Wall Street struggles to a mixed close
Wall Street recovered from an early sell-off Wednesday, however still finished the day mixed. The Federal Reserve’s decision to keep interest rates near zero was countered by a glum read on new home sales.
The Fed, in explaining its decision to keep interest rates steady, said that sustained weakness in several key economic indicators, including jobs, and European debt concerns were hindering the broader recovery.
Meanwhile new home sales tumbled 32% in May to a revised annual rate of 300,000 the lowest on record.
The Dow Jones rose 4.92 points, or 0.05%, to 10,298.44, the S&P 500 lost 3.27 points, or 0.3%, to 1,092.04 and the NASDAQ index fell 7.57 points, or 0.33%, to 2,254.33.
Housing stocks soared despite the disappointing housing data. D.R. Horton, Pulte Group and KB Home rallied 2.5%, 2.1% and 4.4% respectively.
It was poor day for tech stocks. Software maker Adobe tumbled 7.3% despite handily beating the street’s earnings expectations. However investors remained concerned about the direction of the company.
Apple and Microsoft were down 1.1% and 1.7% respectively.
Among the banking and financial stocks, Citigroup retreated 1.3%, while JPMorgan gained 1.5%.
Elsewhere cigarette maker, Philip Morris rallied 3.3% after receiving a boost to sales, particularly from Asia.
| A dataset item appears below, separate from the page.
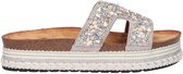 Sandales pour femmes à talons bas pour femme | Argent | Peeptoe | Diamante | Taille 39 EU sandales talon bas dames

NYMEX light crude oil for August delivery fell US$1.50 to US$76.35 a barrel.
The slump in the price of crude hit oil stocks. Chevron and Exxon Mobil gave up 2.4% and 1.4% respectively.
However, BP ADR’s were virtually unchanged.
COMEX gold for August delivery dropped $5.30 to $1,234.80 an ounce.
European Markets
European stocks extended losses into a second session, following recent strong gains. Wednesday’s losses were prompted by the negative housing data out of the US.
The UK benchmark FTSE 100 retreated 68.46, or 1.30% to 5,178.52. The French CAC40 lost 63.53, or 1.71% to 3,641.79, while the German DAX gave up 64.52, or 1.03% to 6,204.52.
Among the UK banks, Barclays retreated 3.2%, while RBS and Lloyds gave up 0.8% and 0.5% respectively.
On the continent, BNP Paribas lost 2.2%, while Deutsche Bank was 1.5% cheaper.
Homebuilding stocks, CRH tumbled 4.1%, while cement maker HeidelbergCement AG gave up 4.7%.
Elsewhere, among the miners, BHP Billiton and Rio Tinto lost 1.8% and 1.6%. Anglo American lost 2.3%.
Among oil plays, BP edged 0.2% lower, while Royal Dutch Shell gave up 2%.
Japanese Markets
Japan’s Nikkei witnessed its biggest fall in over two weeks as a disappointing read on housing in the US deflated optimism of an economic recovery in that region. A strengthening yen hurt exporters, while commodity related stocks lost the most ground.
The Nikkei 225 fell 189.19, or 1.87% to 9,923.70.
Automakers Toyota and Nissan shed 1.7% and 1.8% as the yen strengthened against both the euro and greenback.
Canon fell 2.6%, while Nintendo dropped 3.6%.
Heavyweight financials Sumitomo Mitsui and Mitsubishi UFJ weakened 0.8% and 0.7%. Mizuho rose 0.6%.
A drop in commodity prices sent trading company Mitsubishi Corp.’s shares 1.5% lower.
Oil and gas explorer Inpex Corp. and Mitsui Mining & Smelting Co lost 2.9% and 2.6% respectively.
Shipping companies Nippon Yusen K.K. and Mitsui O.S.K. Lines retreated 3.6% and 2.7% after the Baltic dry index weakened for an 18th consecutive session.
Hong Kong Markets
Hong Kong reversed early losses, driven higher by record power consumption. Housing stocks however capped gains.
The Hang Seng put on 37.53, or 0.18% to 20,856.61.
Among the banks, ICBC lost 0.5% and Bank of China was unchanged. HSBC gained 0.9%.
Li & Fung put on 1.2%, while mobile phone maker, Foxconn lost 0.5%.
Oil producers, PetroChina and Cnooc lost 0.7% and 0.1% respectively.